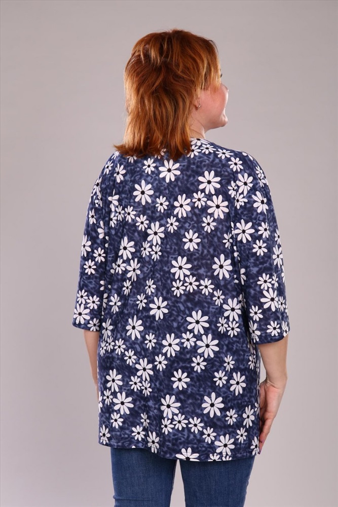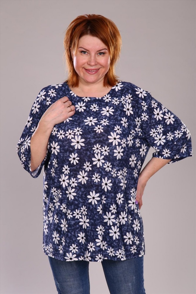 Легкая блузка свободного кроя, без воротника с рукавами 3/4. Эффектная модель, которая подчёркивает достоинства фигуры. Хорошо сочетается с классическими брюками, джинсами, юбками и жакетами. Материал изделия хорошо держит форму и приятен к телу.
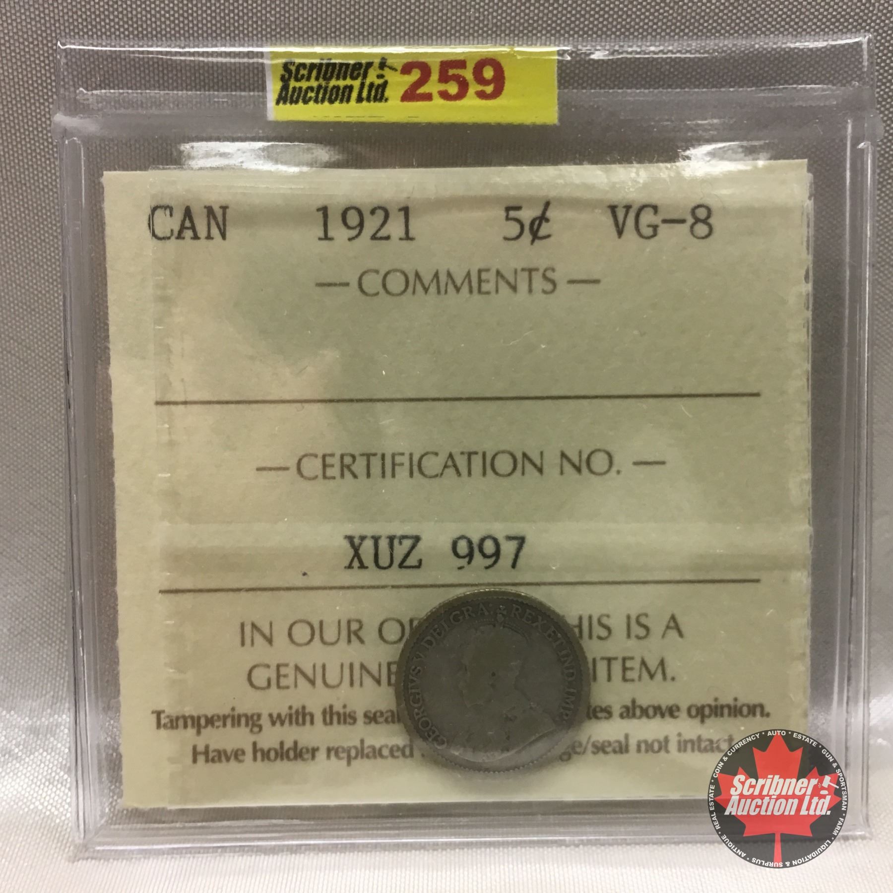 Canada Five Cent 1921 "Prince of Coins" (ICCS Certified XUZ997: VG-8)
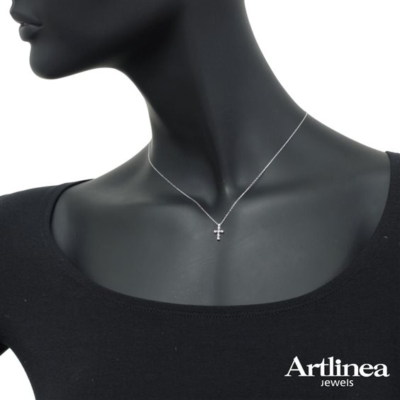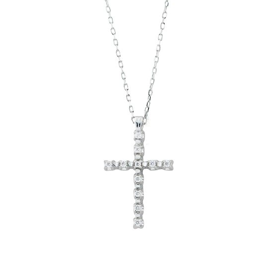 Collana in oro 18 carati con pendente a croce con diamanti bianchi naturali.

---

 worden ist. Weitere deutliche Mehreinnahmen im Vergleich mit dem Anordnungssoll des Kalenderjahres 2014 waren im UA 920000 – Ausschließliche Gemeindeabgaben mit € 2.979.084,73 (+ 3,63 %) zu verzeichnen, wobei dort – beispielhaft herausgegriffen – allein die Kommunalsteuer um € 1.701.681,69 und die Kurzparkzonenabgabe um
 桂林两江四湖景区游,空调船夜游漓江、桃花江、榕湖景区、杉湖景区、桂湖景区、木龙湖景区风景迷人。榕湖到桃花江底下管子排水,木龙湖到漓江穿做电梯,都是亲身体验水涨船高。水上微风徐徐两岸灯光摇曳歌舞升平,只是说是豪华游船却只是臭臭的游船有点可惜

--

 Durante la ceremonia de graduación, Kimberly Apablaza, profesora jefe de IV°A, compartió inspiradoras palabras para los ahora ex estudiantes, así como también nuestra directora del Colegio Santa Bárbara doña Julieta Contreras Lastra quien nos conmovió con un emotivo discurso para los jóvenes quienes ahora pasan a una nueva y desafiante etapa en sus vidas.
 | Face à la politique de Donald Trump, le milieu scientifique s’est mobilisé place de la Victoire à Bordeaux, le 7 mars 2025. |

PROBLEM REQUIREMENTS: Copy the lines above between the one holding "Легкая блузка свободного" and the one holding "Collana in oro", inclusive. Drop the pictures.

ANSWER SPACE:
 Легкая блузка свободного кроя, без воротника с рукавами 3/4. Эффектная модель, которая подчёркивает достоинства фигуры. Хорошо сочетается с классическими брюками, джинсами, юбками и жакетами. Материал изделия хорошо держит форму и приятен к телу.
 Canada Five Cent 1921 "Prince of Coins" (ICCS Certified XUZ997: VG-8)
 Collana in oro 18 carati con pendente a croce con diamanti bianchi naturali.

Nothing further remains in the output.